__ACTIVITY__. Nothing but the lines below from the one holding "下跌市中,周一的收益率显著为" up to and including the one holding "Mini Length Lace" should be copied, exactly and without pictures.

__INPUT FOR THIS TASK__.

------------------------

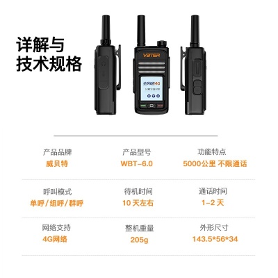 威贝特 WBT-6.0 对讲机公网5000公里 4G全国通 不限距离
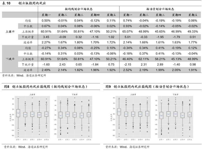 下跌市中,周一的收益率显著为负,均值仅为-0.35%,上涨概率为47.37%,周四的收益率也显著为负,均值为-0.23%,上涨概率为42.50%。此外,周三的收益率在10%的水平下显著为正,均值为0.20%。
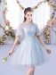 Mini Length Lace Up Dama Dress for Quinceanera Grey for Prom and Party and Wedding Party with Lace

------------------------

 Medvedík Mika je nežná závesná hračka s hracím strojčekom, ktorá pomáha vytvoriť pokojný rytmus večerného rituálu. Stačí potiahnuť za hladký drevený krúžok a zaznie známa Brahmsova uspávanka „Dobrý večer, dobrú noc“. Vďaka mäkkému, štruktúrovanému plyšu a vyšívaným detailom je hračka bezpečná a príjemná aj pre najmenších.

------------------------

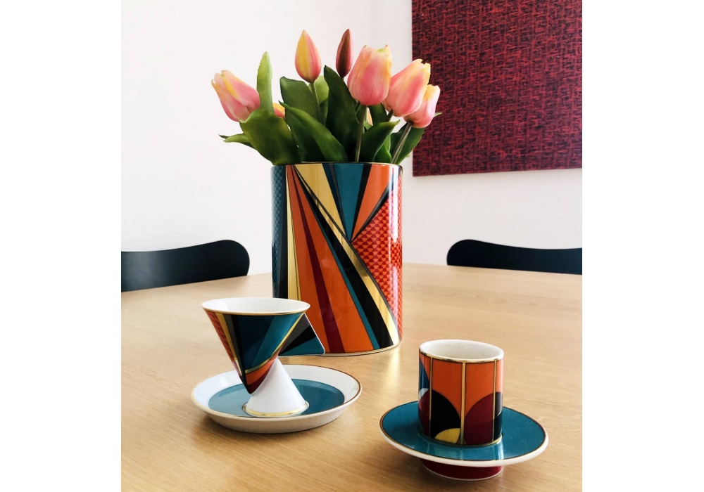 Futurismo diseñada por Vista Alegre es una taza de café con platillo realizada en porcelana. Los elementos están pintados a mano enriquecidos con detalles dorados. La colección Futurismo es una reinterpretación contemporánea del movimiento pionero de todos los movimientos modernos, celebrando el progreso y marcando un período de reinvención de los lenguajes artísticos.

------------------------

__ANSWER TO THIS TASK__.
 下跌市中,周一的收益率显著为负,均值仅为-0.35%,上涨概率为47.37%,周四的收益率也显著为负,均值为-0.23%,上涨概率为42.50%。此外,周三的收益率在10%的水平下显著为正,均值为0.20%。
 Mini Length Lace Up Dama Dress for Quinceanera Grey for Prom and Party and Wedding Party with Lace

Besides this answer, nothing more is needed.